Even with a DC erasure process, traces of the previously recorded signal may
persist until the applied DC field is several times the media coercivity [9].
Deviations in the position of the drive head from the original track may leave
significant portions of the previous data along the track edge relatively
untouched. Newly written data, present as wide alternating light and dark bands
in MFM and STM images, are often superimposed over previously recorded data
which persists at the track edges. Regions where the old and new data coincide
create continuous magnetization between the two. However, if the new
transition is out of phase with the previous one, a few microns of erase band
with no definite magnetization are created at the juncture of the old and new
tracks. The write field in the erase band is above the coercivity of the media
and would change the magnetization in these areas, but its magnitude is not
high enough to create new well- defined transitions. One experiment involved
writing a fixed pattern of all 1's with a bit interval of 2.5 µm, moving the
write head off-track by approximately half a track width, and then writing the
pattern again with a frequency slightly higher than that of the previously
recorded track for a bit interval of 2.45 µm to create all possible phase
differences between the transitions in the old and new tracks. Using a 4.2 µm
wide head produced an erase band of approximately 1 µm in width when the old
and new tracks were 180° out of phase, dropping to almost nothing when the two
tracks were in-phase. Writing data at a higher frequency with the original
tracks bit interval at 0.5 µm and the new tracks bit interval at 0.49 µm allows
a single MFM image to contain all possible phase differences, showing a
dramatic increase in the width of the erase band as the two tracks move from
in-phase to 180° out of phase [10].
In addition, the new track width can exhibit modulation which depends on the
phase relationship between the old and new patterns, allowing the previous data
to be recovered even if the old data patterns themselves are no longer
distinct.
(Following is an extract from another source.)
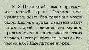 >собственно этот некий Ванька выглядит как очевидная пиратовщина Ванька- это "седьмой волк", еще скажи, не слышал про таких. Акселератор- внезапно тоже официальная локализация от какой-то сомнительной конторы Амбер. И только "Рунная Война: Маги летающей Цитадели"- это откровенная пиратка от той же "Левой корпорации", что сделала мемный говноперевод второго Фоллаута (тот самый, который с Аукцыоном про "я сам себе и небо и луна") >И анон прав - Затерянный мир (одна из частей как "Океан эльфов" Я ее знаю. Но это таки не платина и даже не категория Б. Хотя и не Micro Commandos какой-нибудь, да. >У меня из знакомых её автономно купили в начале нулевых: сестра, одноклассница (и соседка по парте) и батин друг, коммерс, любивший всякие Сим-сити. Такой себе аргумент: у меня половина класса играла в Doom2D (на каждом втором сборнике "200 лучших игр всех жанров" была), а тут анон выше ее в пример приводил. Если так придираться, в треде все относительно известное, кроме разве что дадзинси этого анона >>9817648, но даже у него на первом пике явно взяты спрайты из Duel Savior, которую я проходил. >не знаю, нахуй ты перемогаешь Собственно, я и не перемогаю, а как раз пытаюсь понять, чего вы к тому анону прикопались, хотя он тут не худший совсем.

The overwrite performance also depends on the position of the write
head relative to the originally written track. If the head is directly aligned
with the track, overwrite performance is relatively good; as the head moves
offtrack, the performance drops markedly as the remnant components of the
original data are read back along with the newly-written signal. This effect is
less noticeable as the write frequency increases due to the greater attenuation
of the field with distance [11].
When all the above factors are combined it turns out that each track contains
an image of everything ever written to it, but that the contribution from each
"layer" gets progressively smaller the further back it was made. Intelligence
organisations have a lot of expertise in recovering these palimpsestuous
images.
3. Erasure of Data stored on Magnetic Media
The general concept behind an overwriting scheme is to flip each magnetic
domain on the disk back and forth as much as possible (this is the basic idea
behind degaussing) without writing the same pattern twice in a row. If the
data was encoded directly, we could simply choose the desired overwrite pattern
of ones and zeroes and write it repeatedly. However, disks generally use some
form of run-length limited (RLL) encoding, so that the adjacent ones won't be
written. This encoding is used to ensure that transitions aren't placed too
closely together, or too far apart, which would mean the drive would lose track
of where it was in the data.
To erase magnetic media, we need to overwrite it many times with alternating
patterns in order to expose it to a magnetic field oscillating fast enough that
it does the desired flipping of the magnetic domains in a reasonable amount of
time. Unfortunately, there is a complication in that we need to saturate the
disk surface to the greatest depth possible, and very high frequency signals
only "scratch the surface" of the magnetic medium. Disk drive manufacturers,
in trying to achieve ever-higher densities, use the highest possible
frequencies, whereas we really require the lowest frequency a disk drive can
produce. Even this is still rather high. The best we can do is to use the
lowest frequency possible for overwrites, to penetrate as deeply as possible
into the recording medium.
The write frequency also determines how effectively previous data can be
overwritten due to the dependence of the field needed to cause magnetic
switching on the length of time the field is applied. Tests on a number of
typical disk drive heads have shown a difference of up to 20 dB in overwrite
performance when data recorded at 40 kFCI (flux changes per inch), typical of
recent disk drives, is overwritten with a signal varying from 0 to 100 kFCI.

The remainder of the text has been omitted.